* _PROBLEM DETAILS_:
The records must be retyped exactly, with no pictures included.

(Beginning of MATERIAL PROVIDED)

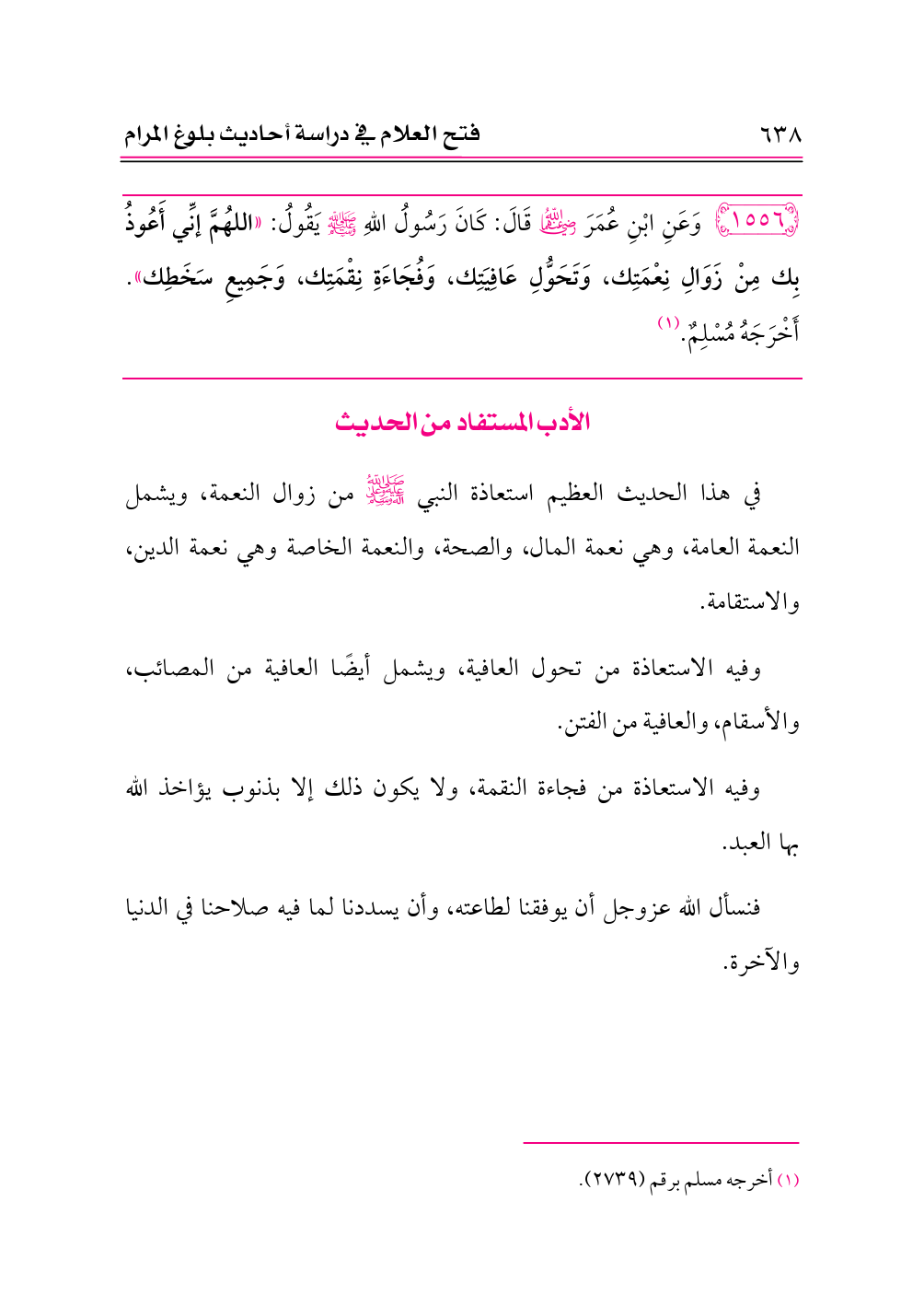 ١٥٥٦ - وَعَنِ ابْنِ عُمَرَ -رضي الله عنهما- قَالَ: كَانَ رَسُولُ اللهِ - صلى الله عليه وسلم - يَقُولُ: «اللهُمَّ إنِّي أَعُوذُ بِك مِنْ زَوَالِ نِعْمَتِك، وَتَحَوُّلِ عَافِيَتِك، وَفُجَاءَةِ نِقْمَتِك، وَجَمِيعِ سَخَطِك». أَخْرَجَهُ مُسْلِمٌ. (¬١)
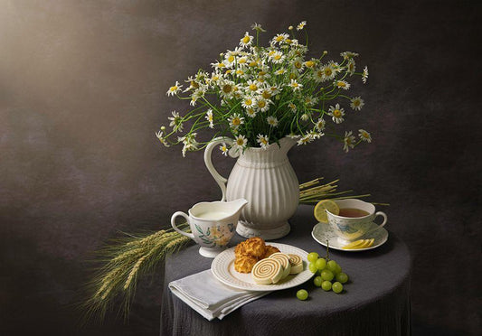 Afternoon Tea White Modern Wood Framed Art Print with Double Matting by L., Binbin
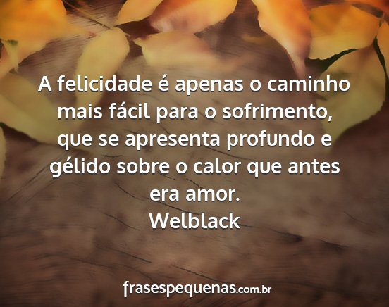 A felicidade é apenas o caminho mais fácil para o sofrimento, que se apresenta profundo e gélido sobre o calor que antes era amor.Welblack
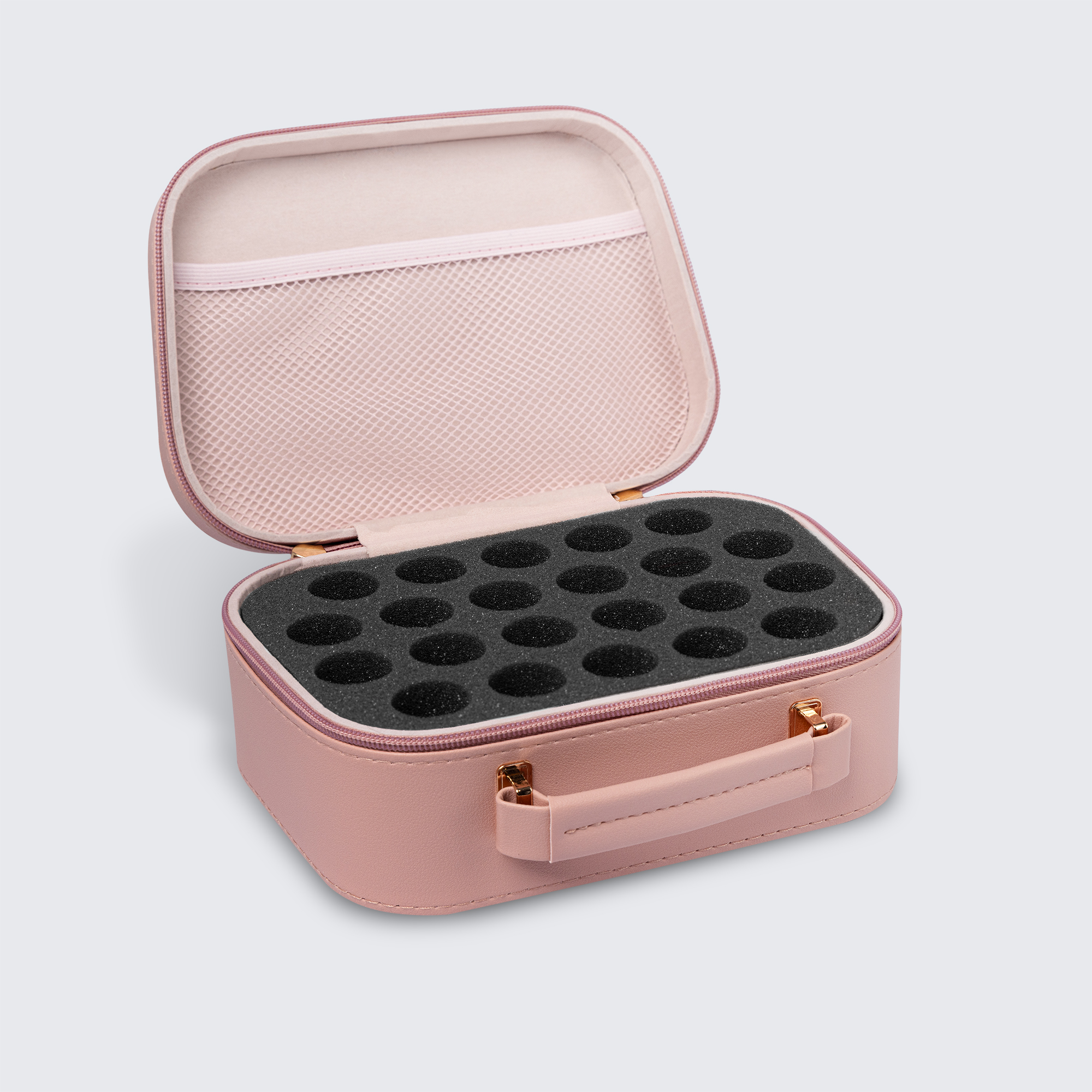 Small foam insert holds up to 22 polish bottles.
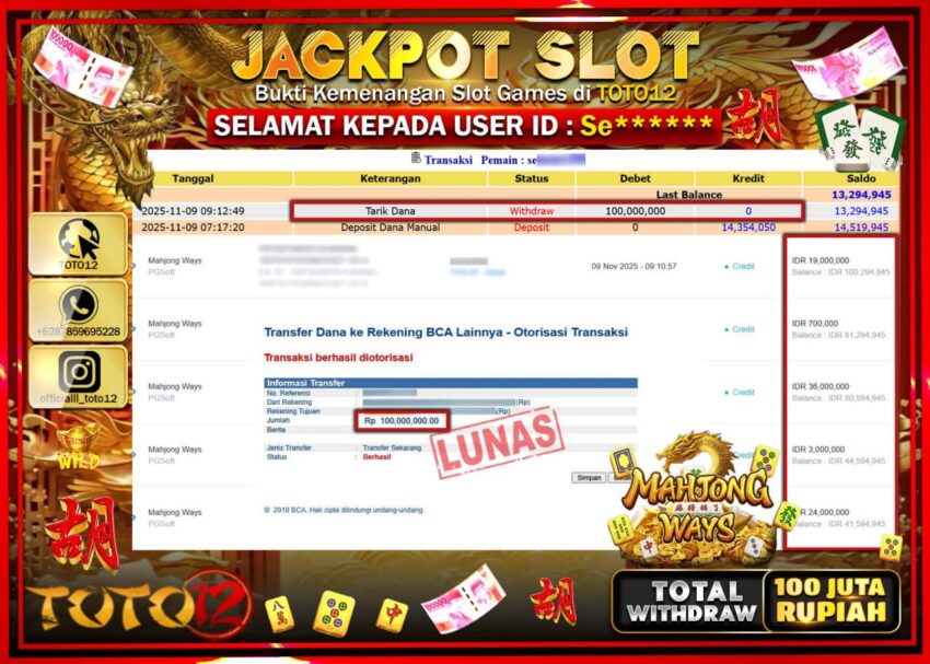 Selamat kepada Member Kami Se****** Telah Jackpot dan berhasil mendapatkan kemenangan besar pada permainan JACKPOT SLOT GAME (MAHJONG WAYS)  Dengan Kemenangan Sebesar Rp.100.000.000 –.  Setelah mengisi Fomulir Withdraw dengan Kurang waktu 1-2 Menit Dana sudah kami Trasnfer kepada Pemilik Userid dan dana sudah dapat di cairkan oleh pemenang. Bukti Pembayaran yang TOTO12 berikan merupakan Bukti Pembayaran yang  SAH / VALID yang langsung Di dapatkan melalui transaksi dari Bank yang di Tunju.

(End of MATERIAL PROVIDED)

* _RESPONSE FOR THIS EXERCISE_:
 ١٥٥٦ - وَعَنِ ابْنِ عُمَرَ -رضي الله عنهما- قَالَ: كَانَ رَسُولُ اللهِ - صلى الله عليه وسلم - يَقُولُ: «اللهُمَّ إنِّي أَعُوذُ بِك مِنْ زَوَالِ نِعْمَتِك، وَتَحَوُّلِ عَافِيَتِك، وَفُجَاءَةِ نِقْمَتِك، وَجَمِيعِ سَخَطِك». أَخْرَجَهُ مُسْلِمٌ. (¬١)
 Afternoon Tea White Modern Wood Framed Art Print with Double Matting by L., Binbin
 A felicidade é apenas o caminho mais fácil para o sofrimento, que se apresenta profundo e gélido sobre o calor que antes era amor.Welblack
 Small foam insert holds up to 22 polish bottles.
 Selamat kepada Member Kami Se****** Telah Jackpot dan berhasil mendapatkan kemenangan besar pada permainan JACKPOT SLOT GAME (MAHJONG WAYS)  Dengan Kemenangan Sebesar Rp.100.000.000 –.  Setelah mengisi Fomulir Withdraw dengan Kurang waktu 1-2 Menit Dana sudah kami Trasnfer kepada Pemilik Userid dan dana sudah dapat di cairkan oleh pemenang. Bukti Pembayaran yang TOTO12 berikan merupakan Bukti Pembayaran yang  SAH / VALID yang langsung Di dapatkan melalui transaksi dari Bank yang di Tunju.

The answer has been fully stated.